• [Work instructions] The listing below should be printed again word for word, without any images.

• [Input data]
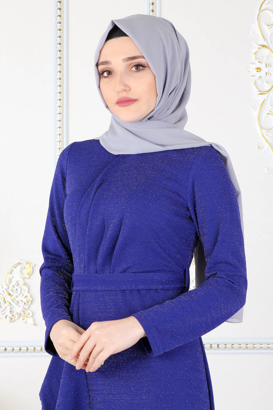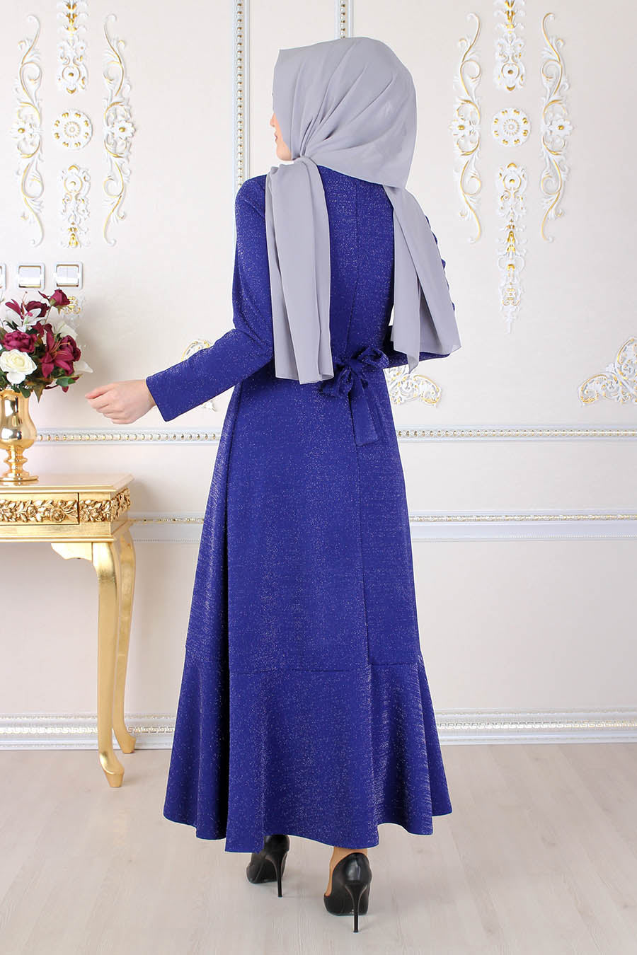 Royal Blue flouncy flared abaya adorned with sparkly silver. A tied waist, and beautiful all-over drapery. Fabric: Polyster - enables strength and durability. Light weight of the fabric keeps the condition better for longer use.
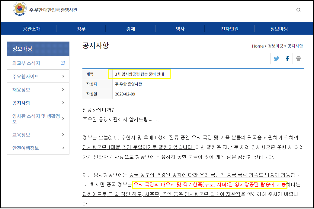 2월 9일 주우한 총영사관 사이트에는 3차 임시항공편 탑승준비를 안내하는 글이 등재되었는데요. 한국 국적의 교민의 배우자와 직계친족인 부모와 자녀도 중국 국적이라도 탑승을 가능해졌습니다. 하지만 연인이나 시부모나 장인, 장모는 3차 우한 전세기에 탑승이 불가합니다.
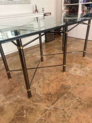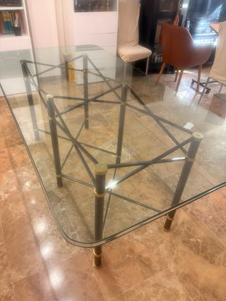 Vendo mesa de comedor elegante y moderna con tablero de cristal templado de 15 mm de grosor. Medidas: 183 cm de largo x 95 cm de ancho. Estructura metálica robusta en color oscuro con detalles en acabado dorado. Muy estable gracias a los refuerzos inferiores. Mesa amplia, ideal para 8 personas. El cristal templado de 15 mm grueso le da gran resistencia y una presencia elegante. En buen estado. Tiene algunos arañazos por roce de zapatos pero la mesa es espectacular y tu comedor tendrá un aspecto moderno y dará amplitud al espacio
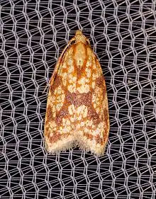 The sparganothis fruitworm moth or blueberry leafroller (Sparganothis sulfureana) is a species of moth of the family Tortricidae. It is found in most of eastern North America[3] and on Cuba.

• [The answer]
 Royal Blue flouncy flared abaya adorned with sparkly silver. A tied waist, and beautiful all-over drapery. Fabric: Polyster - enables strength and durability. Light weight of the fabric keeps the condition better for longer use.
 2월 9일 주우한 총영사관 사이트에는 3차 임시항공편 탑승준비를 안내하는 글이 등재되었는데요. 한국 국적의 교민의 배우자와 직계친족인 부모와 자녀도 중국 국적이라도 탑승을 가능해졌습니다. 하지만 연인이나 시부모나 장인, 장모는 3차 우한 전세기에 탑승이 불가합니다.
 Vendo mesa de comedor elegante y moderna con tablero de cristal templado de 15 mm de grosor. Medidas: 183 cm de largo x 95 cm de ancho. Estructura metálica robusta en color oscuro con detalles en acabado dorado. Muy estable gracias a los refuerzos inferiores. Mesa amplia, ideal para 8 personas. El cristal templado de 15 mm grueso le da gran resistencia y una presencia elegante. En buen estado. Tiene algunos arañazos por roce de zapatos pero la mesa es espectacular y tu comedor tendrá un aspecto moderno y dará amplitud al espacio
 The sparganothis fruitworm moth or blueberry leafroller (Sparganothis sulfureana) is a species of moth of the family Tortricidae. It is found in most of eastern North America[3] and on Cuba.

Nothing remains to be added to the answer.